Topological phases in two-dimensional Rydberg lattices

TL;DR

This paper introduces a two-dimensional Rydberg atom lattice model that simulates topological phases, including insulators and semimetals, with tunable properties through lattice geometry adjustments.

Contribution

It proposes an experimentally feasible 2D Rydberg lattice model that exhibits diverse topological phases and tunable Dirac cone features.

Findings

Identification of topological insulator edge and corner states

Prediction of topologically charged Dirac points in gapless phases

Demonstration of tunable cone tilt and anisotropy affecting transport

Abstract

Rydberg lattice gases are at the forefront of quantum simulation platforms due to their inherent strong dipole-dipole interactions, long life-times and high degree of control currently achievable in experiments. We propose a simple and experimentally realizable two-dimensional lattice model consisting of two offset square sublattices of Rydberg atoms for the simulation of a so-called two-dimensional SSH model.
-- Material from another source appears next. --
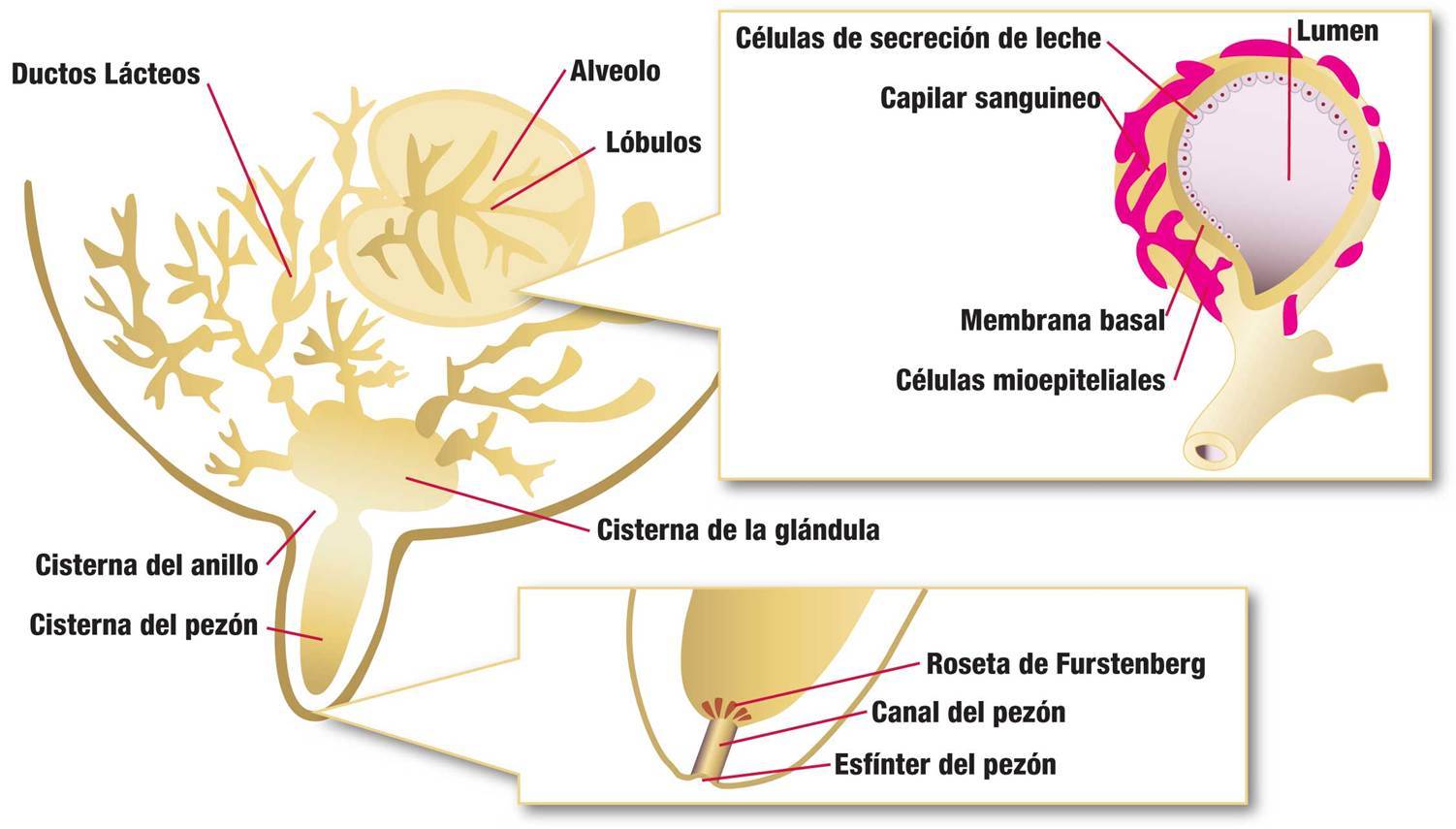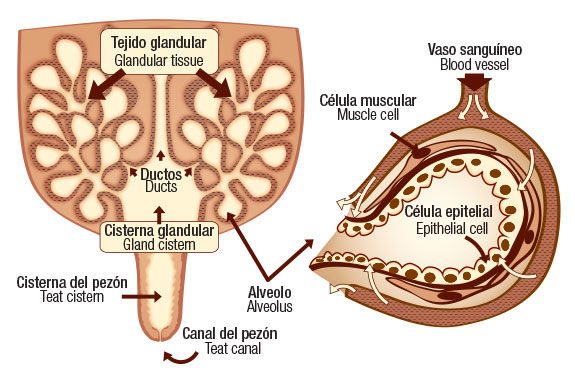 Cada glándula consta de: tejido secretor , un sistema de ductos, dos cisternas y una teta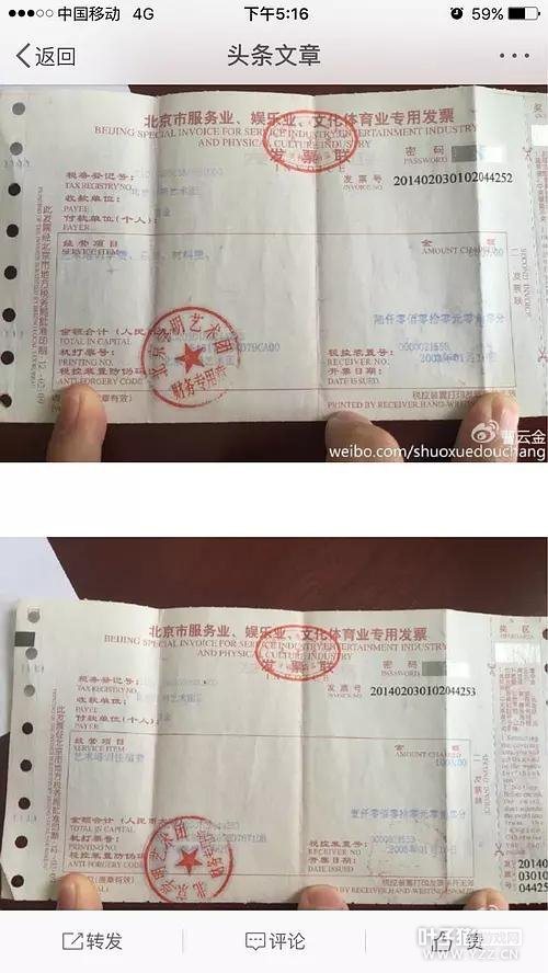 曹云金晒发票

This model reveals a plethora of topological phases, all connected through the variation of the lattice geometry. We predict the appearance of edge and corner states characterizing topological insulators, as well as pairs of topologically charged Dirac points associated with tilted and anisotropic cones in gapless semimetallic phases. The position, tilt and degree of anisotropy of the cones, which may determine the transport porperties of the system, are tunable via the sublattice offset parameters.